Recently somebody took action against RV occupied lots within the subdivision and exercised their right and filed a complaint to have landowners conform to the county Land use By-laws. Did they do this to enhance more building development on properties, or fear these lots will down grade their property values? Who knows why? Consequently, 11 landowners have been issued notices to conform.
Of the 11 landowners, two are neighbours, one who is 86 and is legally blind and his family, and the other neighbour who is 87 and his family have given 22 and 37 years respectively to create their well-maintained RV retreats. These lots were carved out under the former Recreational Land use by-laws and unknowingly changed to residential in 1995. Witnessing the hurt, frustration and agony imposed on these families has hurt me to the bone as they have been very good neighbours and are good friends.
Since the county is acting on the current situation in our subdivision, they will have to act on others within the community and throughout the county as per their approved proposals. No doubt, this will force the county having to employ additional personnel resulting in added cost to the County and increases in taxes. Mulhurst Bay is a nice, quiet, friendly, community with a laid back atmosphere which is why I chose to retire here. I don’t know if that will now change. Sometimes I wonder why people don’t just mind their own business.
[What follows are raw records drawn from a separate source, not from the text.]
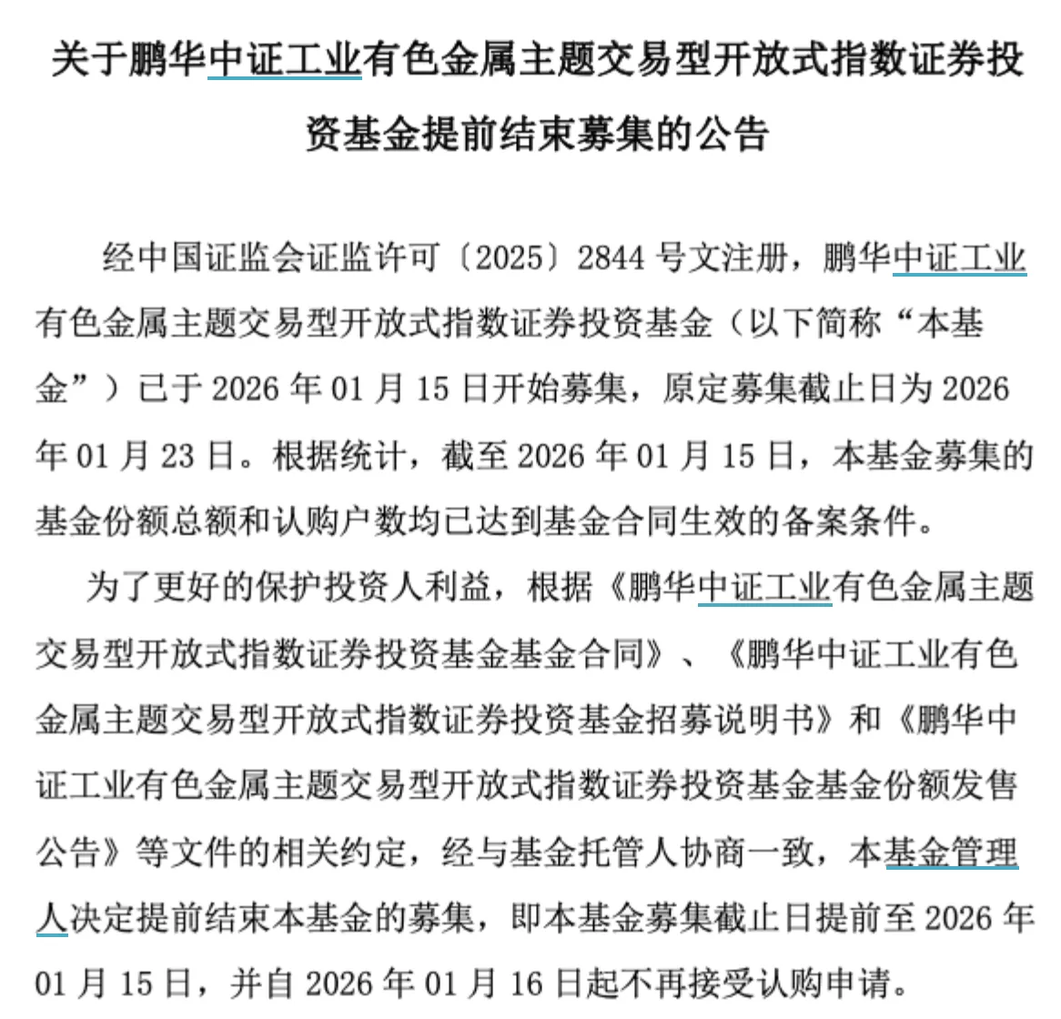 鹏华基金发布关于鹏华中证工业有色金属主题交易型开放式指数证券投资基金提前结束募集的公告。 (基金公告) 公告显示,本基金于2026年01月15日启动募集,原定募集截止日为2026年01月23日。截至募集首日,基金份额总额与认购户数均已满足基金合同生效的备案 条件。为更好保护投资人利益,基金管理人依据《基金合同》《招募说明书》及《基金份额发售公告》相关约定,经与基金托管人协商一致,决定提前结束 募集,募集截止日由原定的2026年01月23日调整为2026年01月15日,并自2026年01月16日起停止接受认购申请。 ...
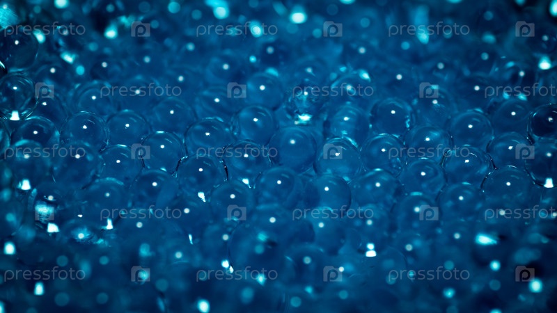 Крупный план синих гидрогелевых шариков, лежащих, словно сказочные жемчужины
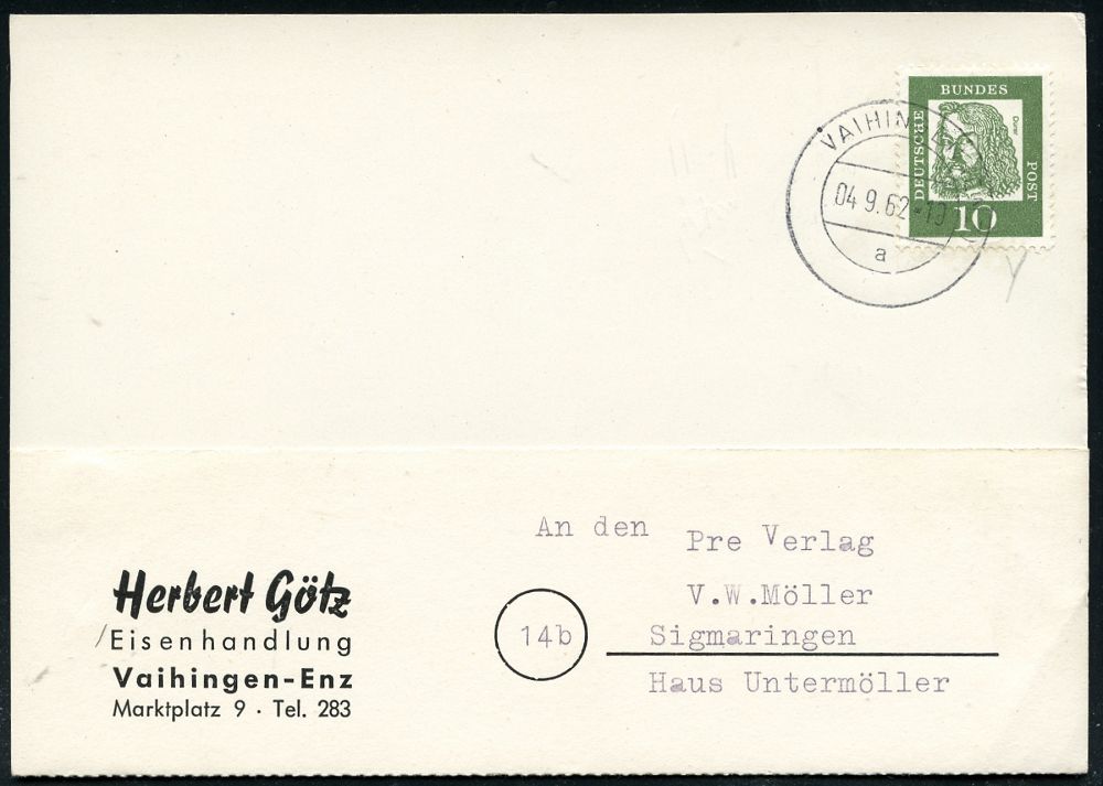 4182 | 9 € | POSTLEITRAUM 7100 (OHNE HEILBRONN u. LUDWIGSBURG) : VAIHINGEN (ENZ)/ a 1962 (4.9.) aptierter 2K-Steg = alte PLGZ entfernt klar auf Firmen-Kt.: Herbert Götz, Eisenhandlung.., Anschrift noch an alte PLZ (Mi.350 EF) | ![]() | |

The County of Wetaskiwin residential RV By-law for undeveloped lots requires a development permit only if you commit to build. However, under a development application you can apply for a three-year permit which allows one RV vehicle for live-in purposes, but one time only to allow the building process. If you don’t make the commitment, your lot is classed vacant which allows for 1 RV vehicle as storage only, no live in, no decks, add-ons, no power, water or electrical hook-ups.
The county residential RV By-Law for lots with dwellings allows for one RV vehicle per lot (five acres and under) and this increases for larger (under 10 and under 20 acres), as storage only, no live in, no decks, add-ons, no power, water or sewage hook-ups. It allows for one guest trailer for a two-week period only. Any violations of these by-laws results in major fines.
The residential by-law may be ideal for residents having homes on lots a half acre or less but for larger parcels of land 20 acres or less, it is inappropriate, particularly to sub divisions. It eliminates use of private trailers that may be used for on property usage for family and friends. Also, it restricts the number of guest trailers that a landowner can have at one time which is 1 over a maximum of 14 consecutive days, or at any given time. Gone are the family weekends.
I believe the County has to take a more positive, creative approach rather than the “Build it or Store it” attitude to encourage more development in the area. Subdivisions are providing an alternative for people who want property at the lake but are not in financial position to purchase lakefront . I am all for RV lots in subdivisions as long as they are maintained in accordance to subdivision standards as were my neighbour’s.
I feel sorry for the people affected as their purchases were for family use and possible future development. It appears that most are now in a “Store It or Sell It” situation. Their property will be a hard sell due to the current economical situation and the strict County RV by-law. It’s a situation where these landowners are caught between a rock and a hard place. The landowners have contributed to the economy of the Lake area by supporting local merchants and community events and that will be lost.